Sent from my Xperia Active.


----------



## bones44 (Jan 7, 2011)

I bring one of Prairewolf's calls, paper clip, rubber band and a lenght of rope.....

Sent from my ADR6300 using Tapatalk 2


----------



## Hellbilly1373 (May 12, 2012)

Shotgun + extra shells
Hand calls
Spitfire
Flashlight
Knife
Monocular
Water bottle
Power bar
Coyote sling
If I'm going out far I bring a small survival kit and compass.


----------



## Rick Howard (Feb 25, 2012)

Of course I forgot to say flashlight. I carry one of those too.


----------



## saskredneck (Oct 19, 2010)

Toilette paper


----------



## knapper (Feb 5, 2010)

I seem to have a longer list than you folks do. Short trip, a couple of sets: water, calls, ammo, first aid kit,flash light,wind drift powder, cell phone, snack stuff,binoculars, and in the winter snow cleats or snow shoes, light cord and duct tape.
Long trip: all of above and 2-qts of water, hand warmers, extra gloves GPS and may be a shovel. 
On snowmobiles: all of the above plus suravial gear which is extra gloves, hand warmers, space blankets, tarp, cups and pot for heating or making water. rope, and a come along that uses rope instead of steel cable, light cord, a cammo cover for the snowmachine.
I guess I do carry more than most people do. I have never needed the extra stuff for survial situations. Yes I was a boy scout too


----------



## Rick Howard (Feb 25, 2012)

Well Knapper if I were hunting country as big as yours.... I might bring more stuff too.


----------



## CO204yoter (Aug 9, 2010)

for me it is rifle and ammo
shotgun and ammo
pistol
seat
calls
quick clot
knife
water
food
drag rope
map
compass


----------



## prairiewolf (Feb 19, 2012)

shooting sticks,seat, turkey vest with hand calls ,flashlight,gloves ,mask,wind direction powder,knife, 45acp, rifle, binos. Water is left in truck with camera. Oh and H&R 9 shot 22lr revolver 4" barrel to dispatch any wounded.


----------



## youngdon (Mar 10, 2010)

I always carry a multi tool in addition to all the regular stuff. I take the same to all but the occassional stand that is close to the truck. That way I don't have to worry if i have everything. It all stays in the back pack when i get home. I replenish the ammo and recharge the batteries and I'm good to go.


----------



## Antlerz22 (Apr 18, 2011)

itzDirty said:


> Short trip... A gun, a leatherman tool, drag rope, some calls, small first aide kit, and a seat.
> 
> Long hikes, same as above plus a water bottle, and some cliff bars.
> 
> ...


 You forgot the MOST important thing ever---almost!!! TOILET PAPER---ya never know!!!


----------



## youngdon (Mar 10, 2010)

That's in the truck ! If I have to go that suddenly something ain't right.


----------



## Antlerz22 (Apr 18, 2011)

youngdon said:


> That's in the truck ! If I have to go that suddenly something ain't right.

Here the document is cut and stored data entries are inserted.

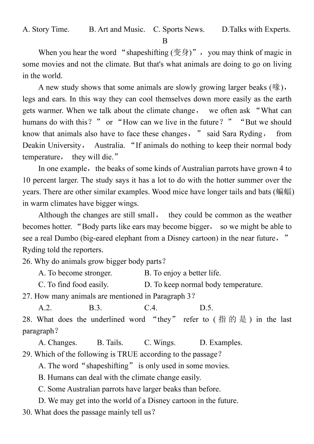 最新!2026松江二模英语试卷&解析!
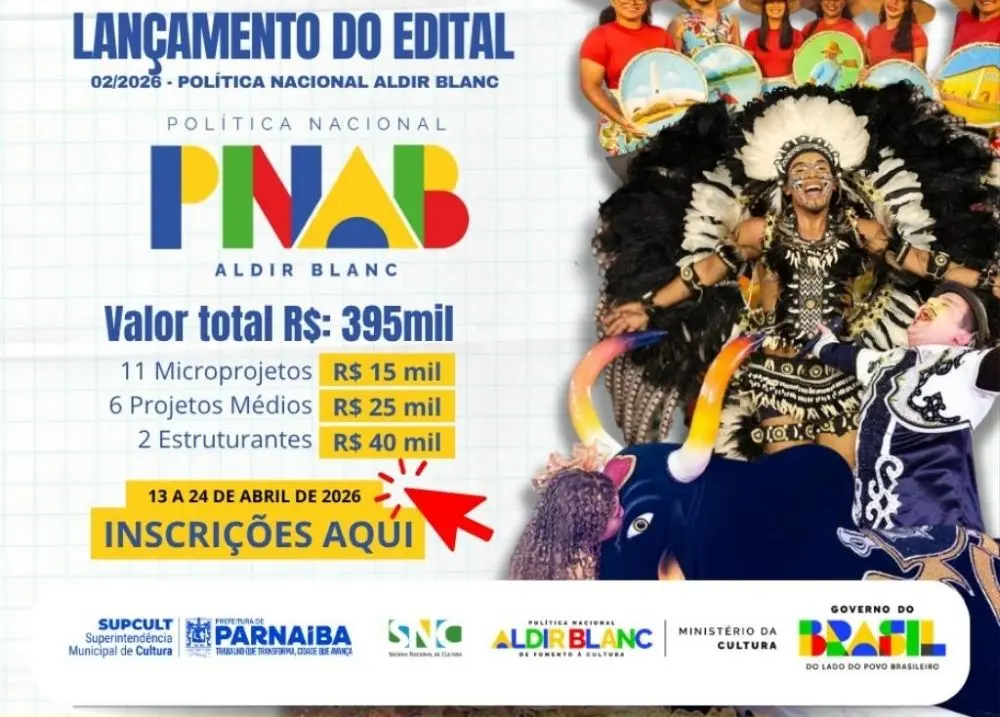 Inscrições seguem até 24 de abril e contemplam artistas e fazedores de culturaA Prefeitura de Parnaíba, por meio da Superintendência de Cultura, publicou o edital 02/2026 da Política Nacional Aldir Blanc, ampliando as oportunidades para artistas, grupos e fazedores de cultura do município.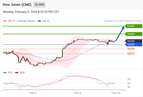 在 50000 之上,看涨,目标价位为 50600 ,然后为 51050 。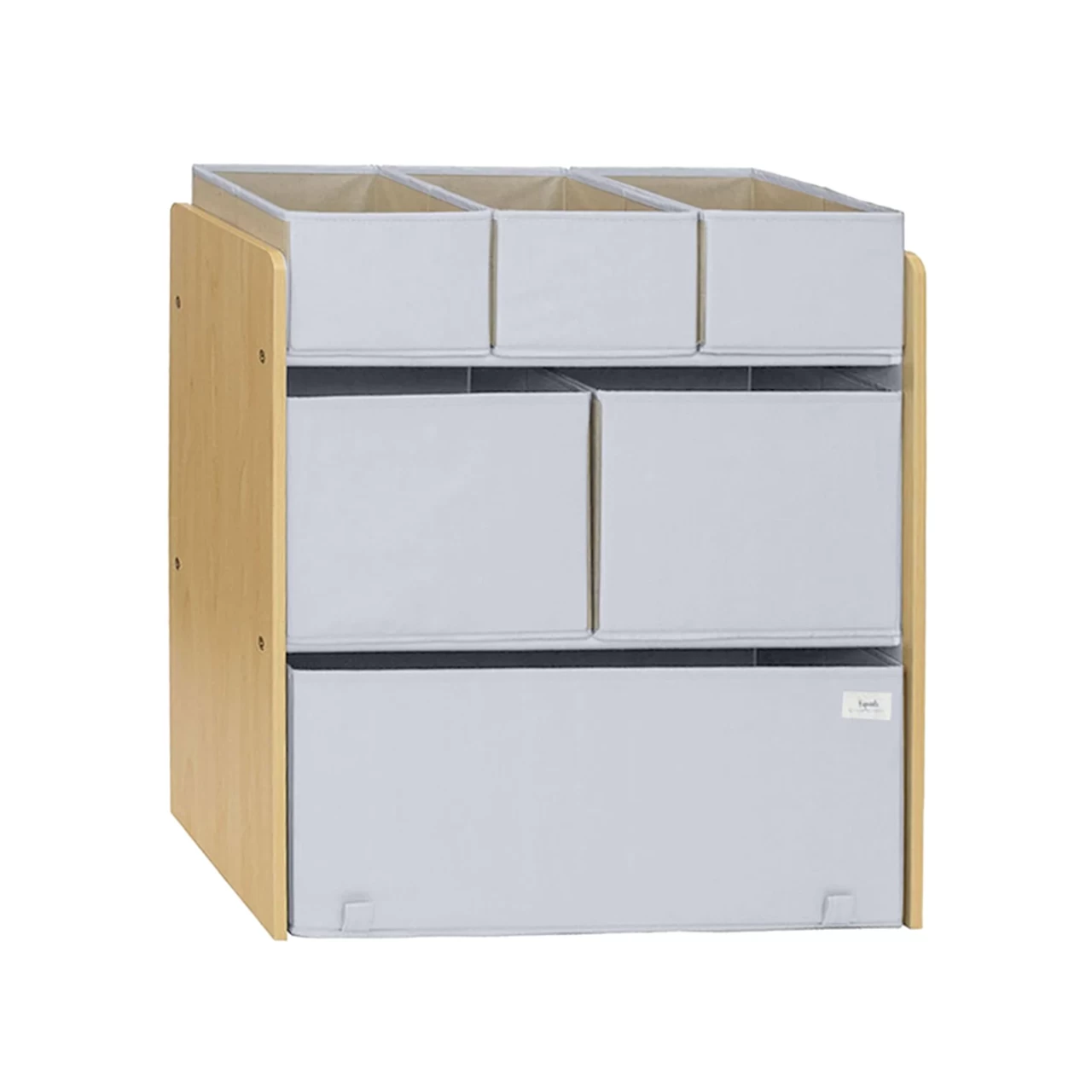 The 3 Sprouts Multi-Bin Recycled Fabric Toy Organizer features 6 storage boxes in differing sizes to store and organize your child’s books, toys, art supplies and more! Designed to be the perfect kid-sized height, it allows your child to clearly view and select their favorite toys and makes it easy for them to clean up when they’re done playing. Easy assembly with a wooden frame for stability, this multi-bin is the modern storage solution for your living room, bedroom or playroom. Available in solid colors and prints.

 Dont know about you but I have on occasion been woke up in a deep sleep by a mean stomach cramp from nowhere. Same in the woods, so I take no chances anymore. I even place it off the roll of course inside a ziplock bag to keep dry. Better to not need this particular item than lose a pair of underwear----been there done that.


----------



## knapper (Feb 5, 2010)

both are good items to carry just don't get them mixed up.


----------



## youngdon (Mar 10, 2010)

Antlerz22 said:


> Dont know about you but I have on occasion been woke up in a deep sleep by a mean stomach cramp from nowhere. Same in the woods, so I take no chances anymore. I even place it off the roll of course inside a ziplock bag to keep dry. Better to not need this particular item than lose a pair of underwear----been there done that.

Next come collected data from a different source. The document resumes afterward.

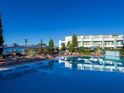 Ανάμεσα στα δέντρα, ξεπροβάλλει η εντυπωσιακή πισίνα του ξενοδοχείου που σε κάνει να ξεχνάς όλα όσα σε αγχώνουν. Λίγα χιλιόμετρα έξω από το κέντρο της Πάτρας, στο Ψαθόπυργο, μπορείς να βρεις αυτό που αναζητάς.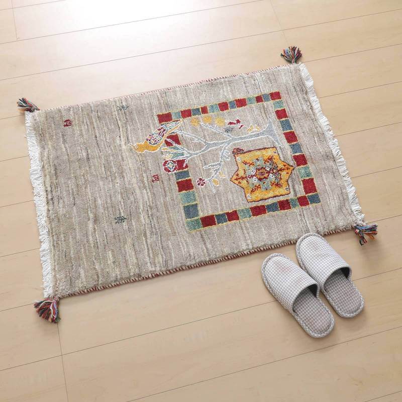 ギャッベルリバフ イラン製 90×61cm 手織り 最高級 天然 ウール100% 草木染 玄関マット おしゃれ かわいい 北欧 ラグ 絨毯 マット ラグマット カーペット 屋内 室内 ギャベ 床暖房対応 ホットカーペット対応 (HSS-71849)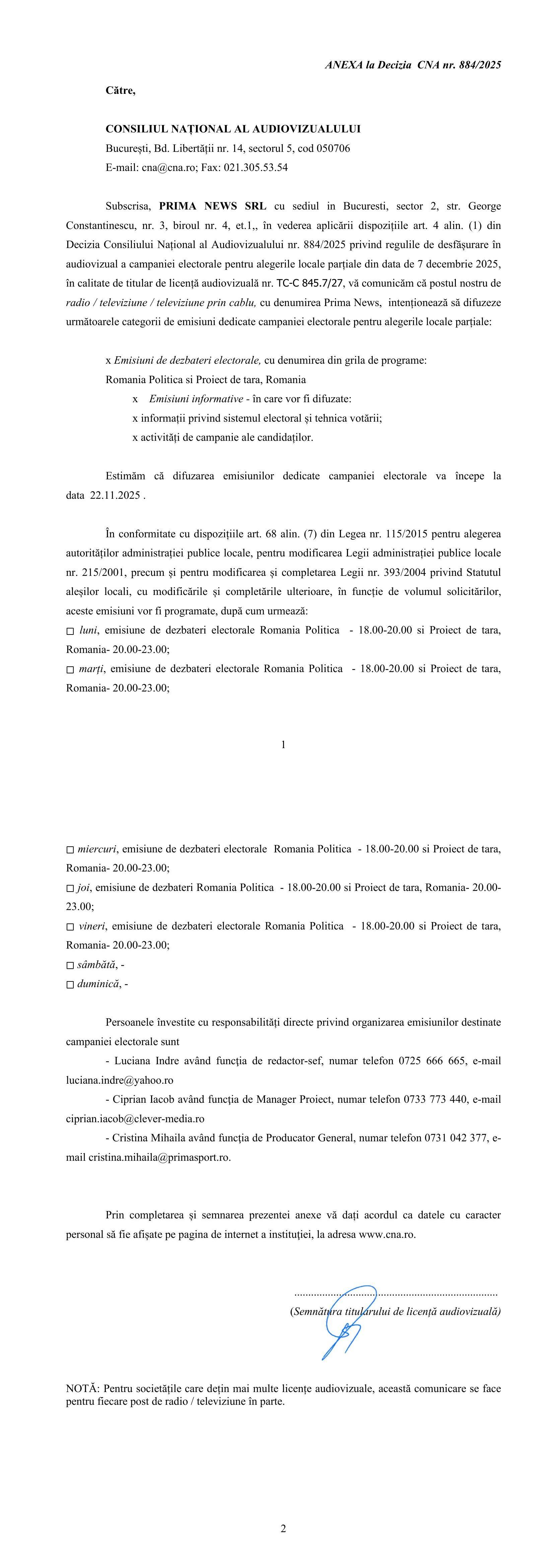 Prima News va difuza, începând cu 22 noiembrie 2025, emisiuni speciale dedicate campaniei electorale pentru alegerile locale parţiale. Postul va include în program atât dezbateri electorale, cât şi emisiuni informative despre sistemul de vot şi activităţile candidaţilor.

If you have a food saver/vacuum packer they work great for storing that type of stuff, flattens it out to near nothing. I do that with extra gloves and socks on long hikes.


----------



## bones44 (Jan 7, 2011)

Excellent idea Don. I used to carry paper towels for emergency up in the northern woods and all kinds of necessary things like a compass and extra food,water,knife,multi-tool,lights(extra batteries) and believe it or not one of those small silver sided emergency/fire blankets. It was real easy to get lost 2 miles into the swamps up there. Around here I don't carry much but the essentials as I'm too close to civilization to worry.


----------



## fr3db3ar (Aug 6, 2011)

bones44 said:


> Around here I don't carry much but the essentials as *I'm too close to civilization to worry.*


You know there's no such thing right?

I keep everything in a small bag so short or long trip it's pretty much all the same.
Spitfire
Decoy
TP
Whistle
Compass
Batteries
Hand calls
Energy bar
Space blanket
Drink (size varies)
Binoculars
Rangefinder

Gun w/ ammo hopefully

Buddy when I can.


----------



## bones44 (Jan 7, 2011)

Yea, civilization is a general word. I'm a little less prepared is all when hunting near home.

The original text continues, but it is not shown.